Weigel

How to Make History Fib for You

CELEBRATION, Fla. – If you stop Superman around 20 minutes before the ending, Lois Lane dies. (By the way: Spoiler.) If you end a biography of Newt Gingrich in 1997, he’s been found guilty of ethics violations after a two-year House investigation. And so the new Mitt Romney ad is a clip from a January 1997 NBC News broadcast, Tom Brokaw grimly announcing the shaming of Newt.

We might focus on why Brokaw is the face of the ad, and not whoever the nascent Fox News had at the time (I really have no idea. Pat Boone?), but how about we focus on the timing? Grab a clip from two years later, after Gingrich had left the House, and you learn that he was exonerated.

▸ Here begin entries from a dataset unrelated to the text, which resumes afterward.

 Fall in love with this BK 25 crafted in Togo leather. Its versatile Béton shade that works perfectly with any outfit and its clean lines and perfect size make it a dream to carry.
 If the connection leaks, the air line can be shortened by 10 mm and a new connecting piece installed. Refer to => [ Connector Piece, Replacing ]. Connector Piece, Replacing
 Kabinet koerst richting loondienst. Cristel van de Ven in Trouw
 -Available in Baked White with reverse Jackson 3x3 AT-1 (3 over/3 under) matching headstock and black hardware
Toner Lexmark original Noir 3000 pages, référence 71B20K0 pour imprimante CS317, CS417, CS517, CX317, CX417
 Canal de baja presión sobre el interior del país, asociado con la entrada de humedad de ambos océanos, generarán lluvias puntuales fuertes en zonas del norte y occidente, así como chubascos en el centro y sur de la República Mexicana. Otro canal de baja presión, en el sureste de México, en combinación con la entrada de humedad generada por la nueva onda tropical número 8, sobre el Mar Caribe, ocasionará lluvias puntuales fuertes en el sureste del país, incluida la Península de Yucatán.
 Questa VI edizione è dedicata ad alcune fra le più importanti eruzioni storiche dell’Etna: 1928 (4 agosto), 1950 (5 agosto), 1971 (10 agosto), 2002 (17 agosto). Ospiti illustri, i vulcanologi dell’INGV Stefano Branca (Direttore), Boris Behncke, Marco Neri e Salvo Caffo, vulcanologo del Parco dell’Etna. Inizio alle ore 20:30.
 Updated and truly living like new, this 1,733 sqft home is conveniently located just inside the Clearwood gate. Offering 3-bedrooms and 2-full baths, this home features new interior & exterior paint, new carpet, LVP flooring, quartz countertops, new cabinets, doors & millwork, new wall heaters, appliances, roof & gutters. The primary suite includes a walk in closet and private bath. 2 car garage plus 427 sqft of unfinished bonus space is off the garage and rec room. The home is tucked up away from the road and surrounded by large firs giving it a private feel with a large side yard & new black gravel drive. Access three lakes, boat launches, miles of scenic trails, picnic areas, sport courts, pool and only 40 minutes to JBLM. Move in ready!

The Romney campaign has maintained a useful but pointless fiction: Gingrich resigned in disgrace after his ethics were questioned. But that wasn’t why he resigned. In 1998, he took a bullet for the GOP conference when then they lost seats, after he’d sworn up and down that a campaign against Bill Clinton’s sex scandal would leave Democrats’ bodies lying on blood-clogged gutters. (“At every level that matters,” he told Dan Balz, “we will sweep.”) The losses built up confidence among Republicans who already wanted Gingrich gone, and had tried to oust him in 1997. According to Rep. Dan Burton, still a Gingrich ally, the speaker had 198 committed votes for re-election when he needed 218. So he quit. The ethics story didn’t bother them as much as Gingrich’s compromises with Clinton or perceived insults of conservatives did.